Having a little obedience session before getting back into the car :001_wub:


----------



## BenBoy (Aug 31, 2013)

Your Husky is stunning 
Great pics 
I saw an 11 week old cavalier yesterday...it was love at first sight


----------



## ellenlouisepascoe (Jul 12, 2013)

Mine is about 9 ish I believe, he came with my husband when I got married :lol:

I have been trying to get his exact DOB from my husbands parents but they can't seem to find his papers , he is a handsome little chap a little on the dainty side but love on legs!  He's only lived with us about 5 months. 
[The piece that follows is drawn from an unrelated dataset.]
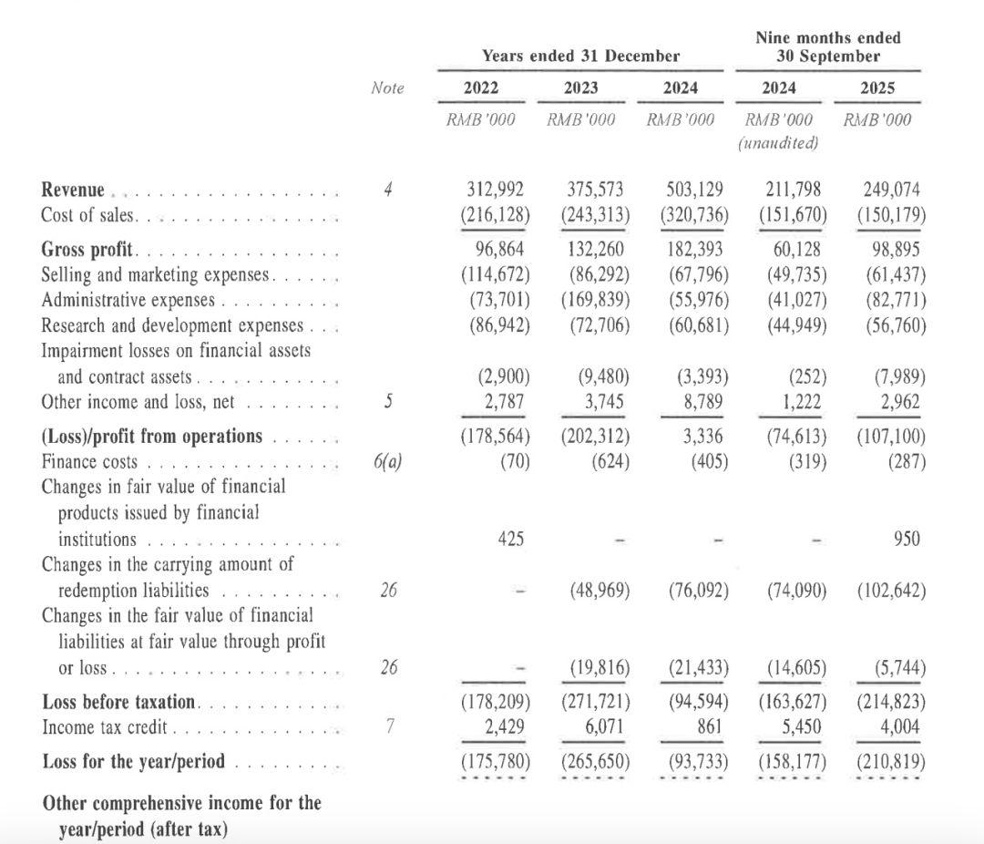 財務數據揭示成長陣痛。2022-2024年,公司營收從3.13億元增至5.03億元,復合增長率26.8%,但同期凈虧損累計達5.36億元。2025年前三季度營收2.49億元,凈虧損卻擴大至2.11億元。公司解釋稱,高額虧損源于持續的技術升級投入與商業化前期成本。截至2025年9月末,現金儲備僅剩4249萬元,流動性壓力凸顯。股權結構顯示,管理層通過直接持股與員工持股平臺合計控制27.39%股份,君聯資本、BAI資本等機構投資者合計持股超26%。

My childhood love is labs! I grew up with them and my mother currently has a 5 year old I bought her for her 50th birthday ( well a bit of that and a bit of I missed having a dog in the house )


----------



## ellenlouisepascoe (Jul 12, 2013)

My Mam's Lab! Bree


----------



## BenBoy (Aug 31, 2013)

ellenlouisepascoe said:


> My Mam's Lab! Bree


She is gorgeous!!!


----------



## ellenlouisepascoe (Jul 12, 2013)

She's a funny one! Probably the most laid back lab I've ever come across, took little to no training, heels perfectly holds her leader in her mouth and walks right beside you out on walks, never wanders away even for a second. Has all her daft moments outside in the garden then just comes in and snoozes on the sofa , never chewed toilet trained after 1 day , perfect little lady, my mum always wanted to have a litter from her but she's just never had the right time or funds to do it and now she's too old xx


----------



## VickynHolly (Jun 23, 2013)

The Husky is 9?, doesn't look anywhere near 9. Lovely photos.


----------



## ellenlouisepascoe (Jul 12, 2013)

The Cavalier is 9  Husky is 18 weeks old x


----------



## Cheryl89 (Jun 24, 2013)

Soooooo gorgeous Hun   I love walkies xxx


----------



## ellenlouisepascoe (Jul 12, 2013)

So do they! I really must record the Spaniel when we say walkies he goes BEZERK! His previous home he went out about once every 6 months so now he gets walkies every day he's so excited!


----------



## The3DChis (Jan 17, 2011)

adorable! Both of them x


----------